“The Blessed Hybridity” in Vizenor’s Utopian Point of Assinika: Dismantling the Notion of the ‘invented indian’ in The Heirs of Columbus.

Document Type : Original Article

Author

Badr University in Cairo (BUC)

Abstract

Native American written Literature which dates back in history to the end of the 19th century witnessed its 'Renaissance' in the mid-20th century, tackling issues of identity and self-actualization. Among the most well-known literary figures of the time stands Gerald Vizenor, an author and a theoretician, whose literary oeuvre has enriched both mainstream and ethnic American canon and whose novel The Heirs of Columbus (1991) is the focus of this paper.
In this novel Vizenor re-imagines the history of discovering America from the perspective of the indigenous. He wrote it contemporaneous with the quincentenary of Columbus's arrival to the New Land. The author inverts the historical records and presents Columbus as a returning descendant of the Mayan tribe implementing his own theory of 'survivance' and the 'invented indian' and deconstructing the stereotypical representations of the colonizer and the natives.
This paper is a reading that attempts to scrutinize the novel in the light of Homi Bhabha's concept of the "Blessed Hybridity", as well as Vizenor's theories of "survivance" and the "invented indian" in which he maintains that sovereignty and actualization can only happen through realizing and acknowledging the hybrid or what he calls the "mixedblood" or "crossblood" not only of the natives, but of all human beings.

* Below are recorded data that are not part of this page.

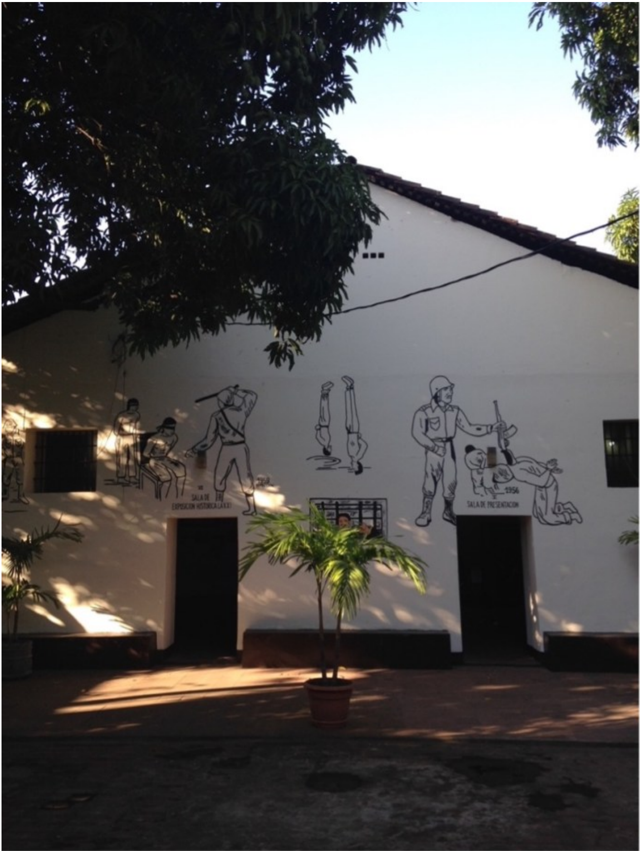
Antiguo centro de tortura y prisión de los escuadrones de la muerte de Somoza en la ciudad de León.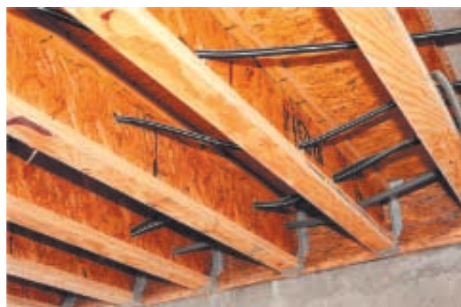
Figure 15 – Poutre en « I » TJI® mises en œuvre

Les produits utilisés pour la finition décorative de panneaux ignifuges (placages, stratifiés...) doivent répondre au même classement que les panneaux supports et il est nécessaire que l'ensemble revêtement plus support suive également les mêmes exigences. Le choix de la colle et les conditions de collage jouent donc un rôle important dans le maintien du classement de réaction au feu. La migration de sel ignifuge en surface peut nuire au collage. Les colles PRF (collage d'éléments structuraux), UF (collage de placages), vinyliques et « contact » peuvent être utilisées mais il est recommandé de consulter le fournisseur du matériau ignifugé et le fournisseur de colle.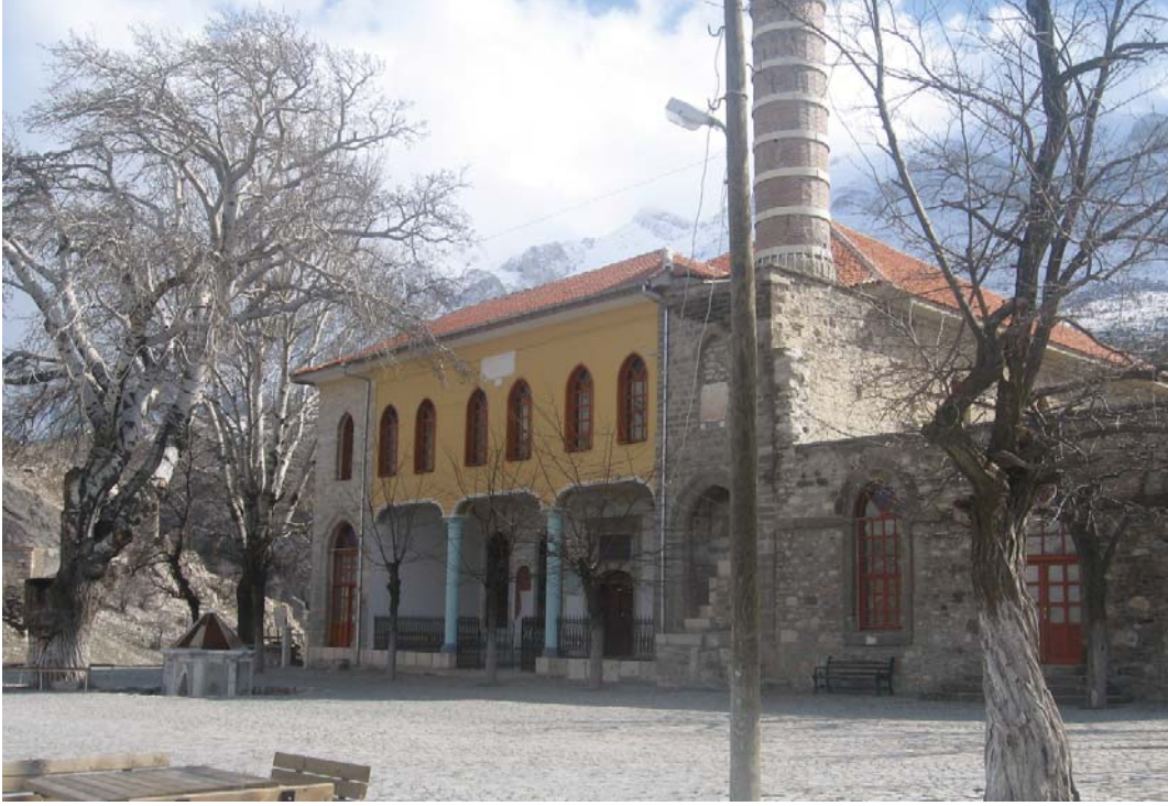
Resim 8: Kuzey Cephe, genel görünüm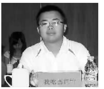
网络小说“小财主”——“我吃西红柿”近照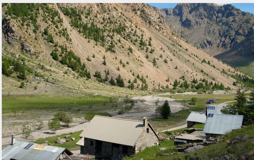
Les chalets de Chambran

CC du Briançonnais - Le Monétier-les-Bains

Therefore, the novel presents the heirs as a 'new' product of the two cultures who exist to challenge all previous Western representations of the Native Indians, hence facilitating their 'survivance' and actualization. The 'heirs' here are the grand children of Columbus who not only claim their rights as heirs, but also claim having a curing gene in their DNA, since they carry the Mayan gene that previously cured Columbus himself.